Leave the pictures out, and repeat exactly every line from the one with "На этот раз" through the end of the data below.

(Records from a dataset)
....

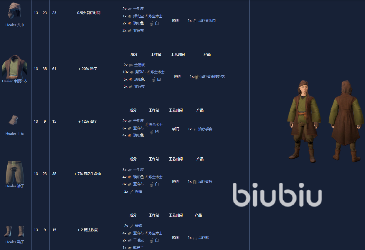 3. 治疗者套装,也是13级,制作需要迫击炮。
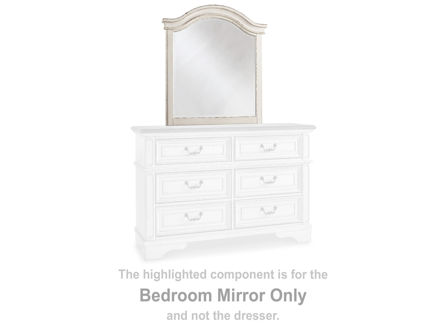Elevating the art of traditional cottage styling, this dresser mirror is her dream bedroom retreat realized. Aesthetic blends a chipped white with a distressed wood finished top for added charm.
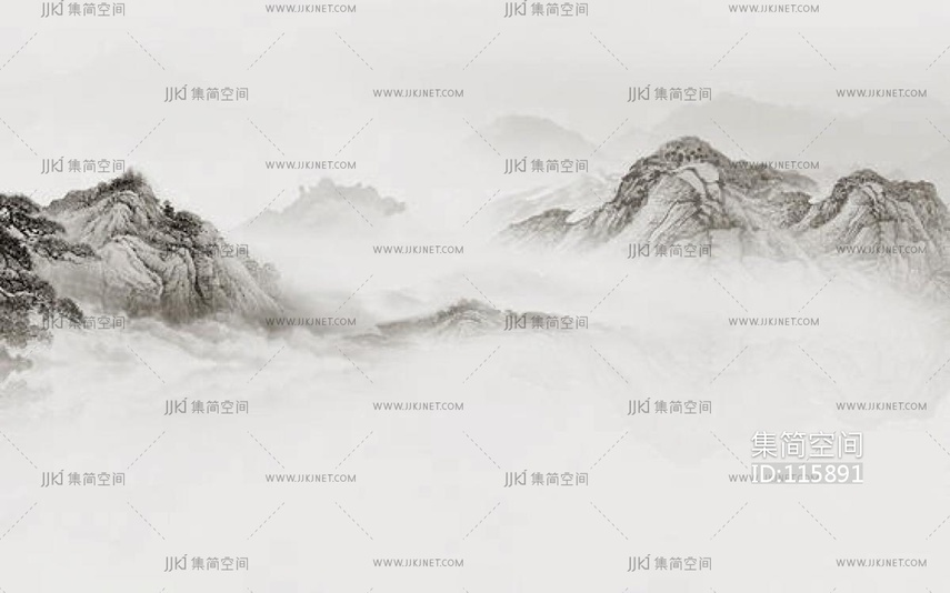 黑白山水壁纸壁布壁画背景画 (1) 材质贴图下载
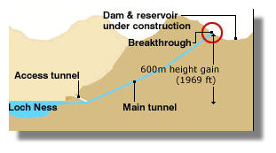 15 months ago, a 220-metre (720 feet) long boring machine - dubbed Eliza Jane - began to cut through the rock above Loch Ness to create a tunnel as part of a £140 million hydro-electric scheme. This week the engineers were celebrating as the machine broke through at the other end of the five mile long tunnel at Glendoe, near Fort William. When complete, the system will generate up to 100 megawatts of electricity. A new dam is being built at the head of Glen Tarff on the western edge of the Monadhliath Mountains, east of Fort Augustus. A system of tunnels will take the water to a generating station buried in the rock 2,000 feet below. It is the first large-scale hydro-electric project in Scotland since 1957.
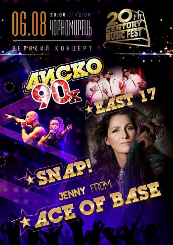 На этот раз доставайте яркие лосины, джинсы варенки и малиновые пиджаки. Всё это вам пригодится 6 августа 2021 года, когда стадион «Черноморец» в Одессе превратится в огромный танцпол! На грандиозном концерте эпохи «ДИСКО 90-х» соберутся сразу ТРИ легендарных зарубежных группы: ACE OF BASE, EAST 17 и SNAP которые подарят своей публике массу бурных эмоций и мощный заряд энергии. Да! - это не фейковые составы групп и не«кавер-группы», а те самые настоящие, оригинальные артисты, покорившие нас в 90-х будут весь вечер выступать для Вас на Стадионе «Черноморец»6 августа 2021 года.
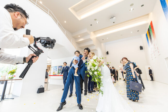 パーティー会場と同じ建物内にある挙式会場では、お互いの表情が見える距離感や自由度の高さが人気の人前式を行う事ができます。お二人らしい誓いを立てた後は、集合写真やパーティー会場への移動などもスムーズに行えます。

....

Exercise output ▸
 На этот раз доставайте яркие лосины, джинсы варенки и малиновые пиджаки. Всё это вам пригодится 6 августа 2021 года, когда стадион «Черноморец» в Одессе превратится в огромный танцпол! На грандиозном концерте эпохи «ДИСКО 90-х» соберутся сразу ТРИ легендарных зарубежных группы: ACE OF BASE, EAST 17 и SNAP которые подарят своей публике массу бурных эмоций и мощный заряд энергии. Да! - это не фейковые составы групп и не«кавер-группы», а те самые настоящие, оригинальные артисты, покорившие нас в 90-х будут весь вечер выступать для Вас на Стадионе «Черноморец»6 августа 2021 года.
 パーティー会場と同じ建物内にある挙式会場では、お互いの表情が見える距離感や自由度の高さが人気の人前式を行う事ができます。お二人らしい誓いを立てた後は、集合写真やパーティー会場への移動などもスムーズに行えます。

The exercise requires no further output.